*** AVAILABLE DATA ***
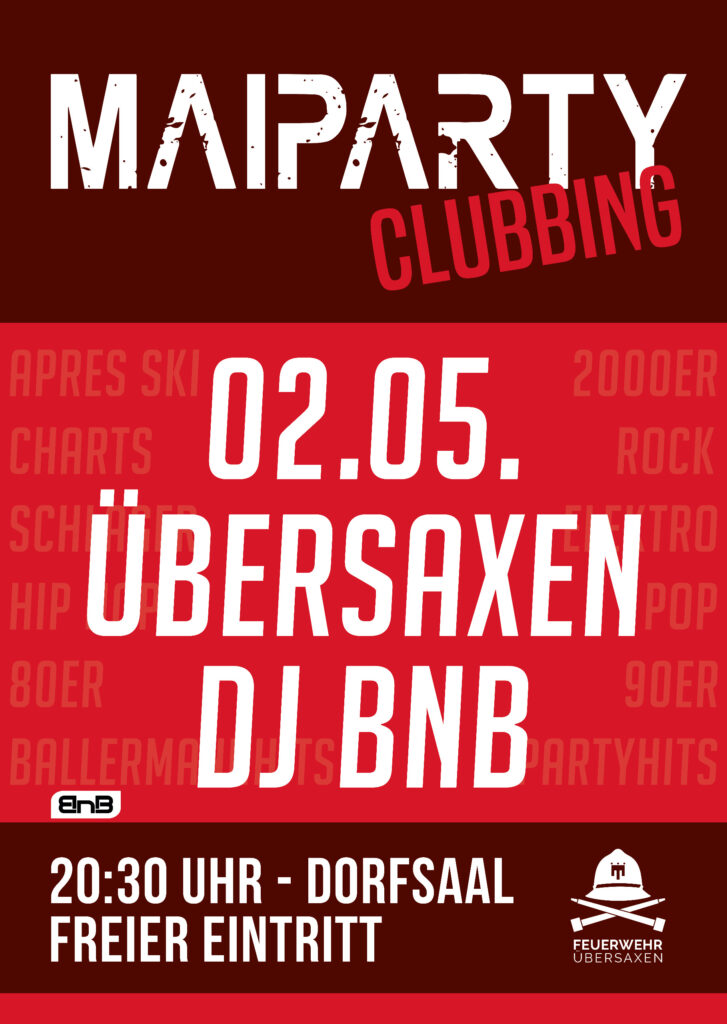 Am Samstag, den 02. Mai 2026 findet wieder die legendäre Maiparty im Dorfsaal Übersaxen statt.
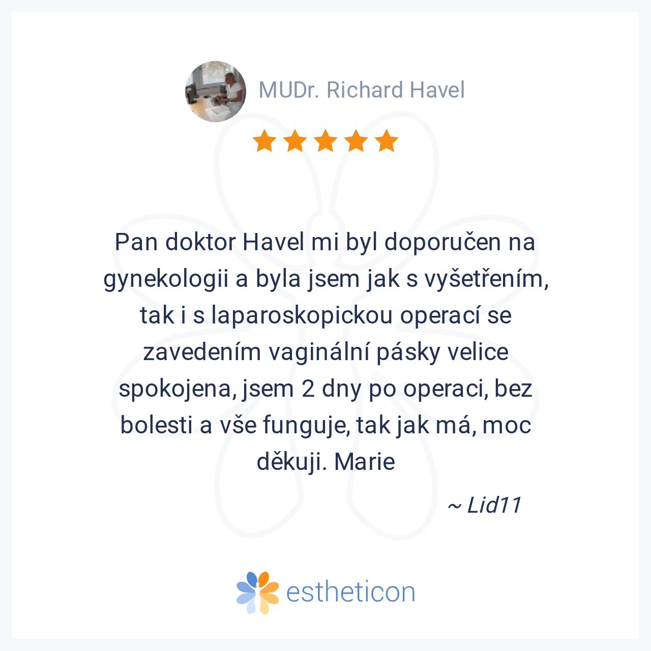 Pan doktor Havel mi byl doporučen na gynekologii a byla jsem jak s vyšetřením, tak i s laparoskopickou operací se zavedením vaginální pásky velice spokojena, jsem 2 dny po operaci, bez bolesti a vše funguje, tak jak má, ... Více
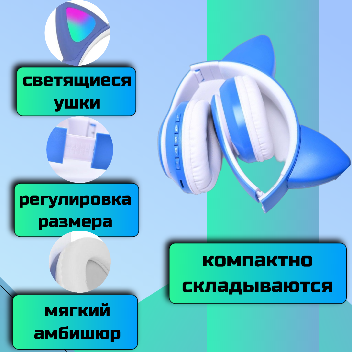Наушники беспроводные с ушками гарнитура bluetooth cat STN-28 светящиеся ушки светло-синие информация:
*** End of AVAILABLE DATA ***
WHAT IS EXPECTED – Leave the pictures out, and copy exactly each line from the one containing "Pan doktor Havel" through the final line of the data.

SOLUTION –
 Pan doktor Havel mi byl doporučen na gynekologii a byla jsem jak s vyšetřením, tak i s laparoskopickou operací se zavedením vaginální pásky velice spokojena, jsem 2 dny po operaci, bez bolesti a vše funguje, tak jak má, ... Více
Наушники беспроводные с ушками гарнитура bluetooth cat STN-28 светящиеся ушки светло-синие информация:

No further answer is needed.